By: By Gabe Nelson
March 4, 2013
WASHINGTON — The U.S. Department of Energy soon will launch a campaign to promote hydrogen cars, embracing a technology that was favored by the administration of President George W. Bush but initially shunned under Barack Obama.
The project is tentatively called H2USA, in reference to the chemical symbol for hydrogen gas. The DOE is signing up automakers, suppliers and other companies that want to see hydrogen fuel cell vehicles hit the marketplace.
"There still are a lot of challenges. Infrastructure is critical," said Sunita Satyapal, program manager for fuel cell technologies at the DOE. "But the fact that a number of entities are coming together to work together through this partnership is a very positive sign."
H2USA will lack the hefty resources of past forays into fuel cells, such as Bush's FreedomCAR initiative. But automakers hope the project marks a complete about-face by an administration that came into office several years ago and slashed its predecessor's funding for the technology.
"Even if it's not as robust as we would like to see, it's still a very good, meaningful move," said Michael Stanton, president of the Association of Global Automakers.
His group's member companies include Honda, Hyundai and Toyota, all three of which plan to start selling fuel cell electric vehicles within a few years.
Automakers have asked the Obama administration to be more positive about fuel cells, even if battery-powered electric vehicles continue to get the lion's share of funding. Even a symbolic gesture can push a technology forward, they say.
"Signals," said Britta Gross, director of global energy systems and infrastructure commercialization at General Motors Co, when asked why the Obama administration's stance matters. "Signals to infrastructure providers. Signals to states. This is true for any technology: Signals that show the direction and the strategy and the importance are very important. It's a confidence issue. It's a comfort issue."
Fuel cell technology remains expensive, but supporters say it potentially could combine the convenience of the gasoline engine with the cleanliness of electric cars.
"Every automaker understands the key role it could play in the marketplace," Gross said. "It is the only long-range, zero-emission, quick-fueling solution."
The tasks of the new DOE project have not been announced, but one will be to push for the fueling stations needed by the first wave of fuel cell vehicles, which are expected around 2015.
There are fewer than 100 hydrogen stations in the United States, and only about 20 are accessible to the public.
The California Energy Commission wants 68 public stations in the state by 2015, up from the 21 expected to be open at the end of 2013. But the commission has just $28.6 million to spend, potentially tens of millions less than it needs.
There are proposals in California to make oil companies chip in some of the funding, but automakers hoped DOE might help pay for hydrogen fueling stations. But DOE does not intend to help pay for fueling stations through the new project, Satyapal said.
The government spent $1.7 billion on fuel cells from 2004 through 2008 through the FreedomCar coalition, which included GM, Ford Motor Co. and Chrysler Group LLC, as well as several oil companies.
In 2009, after President Obama took office, new Energy Secretary Steven Chu proposed to cut $100 million in funding for hydrogen.

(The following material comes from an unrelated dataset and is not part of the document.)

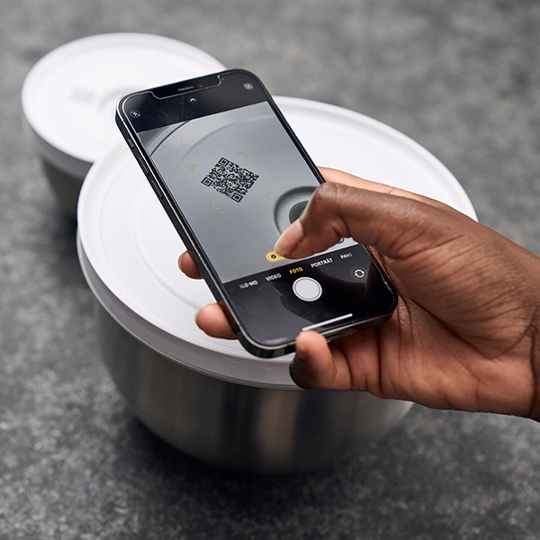 Scan the QR code on our F&S lids to track ingredients and optimize organization.

Congress restored some of the money after car companies protested. Chu, who will soon leave the Obama administration, later recanted his criticism of fuel cells.
"In the last year or two, I've been saying: 'Look, this is an important technology. We want to continue to support the research, to drive down the cost,' " he told reporters at the Washington Auto Show in January.
Last year, in a holdover from the FreedomCar push, a DOE lab in Colorado released the results of a seven-year, $350 million fuel cell vehicle development project. Some funds came from Hyundai, GM, Ford and Daimler AG.
Researchers found fuel cells are twice as durable as they were in 2004 and are capable of powering 75,000 miles of driving before being replaced.
During the past few years, "there's been a lot of progress," Satyapal said, despite a "misperception that there hasn't been interest in hydrogen and fuel cells."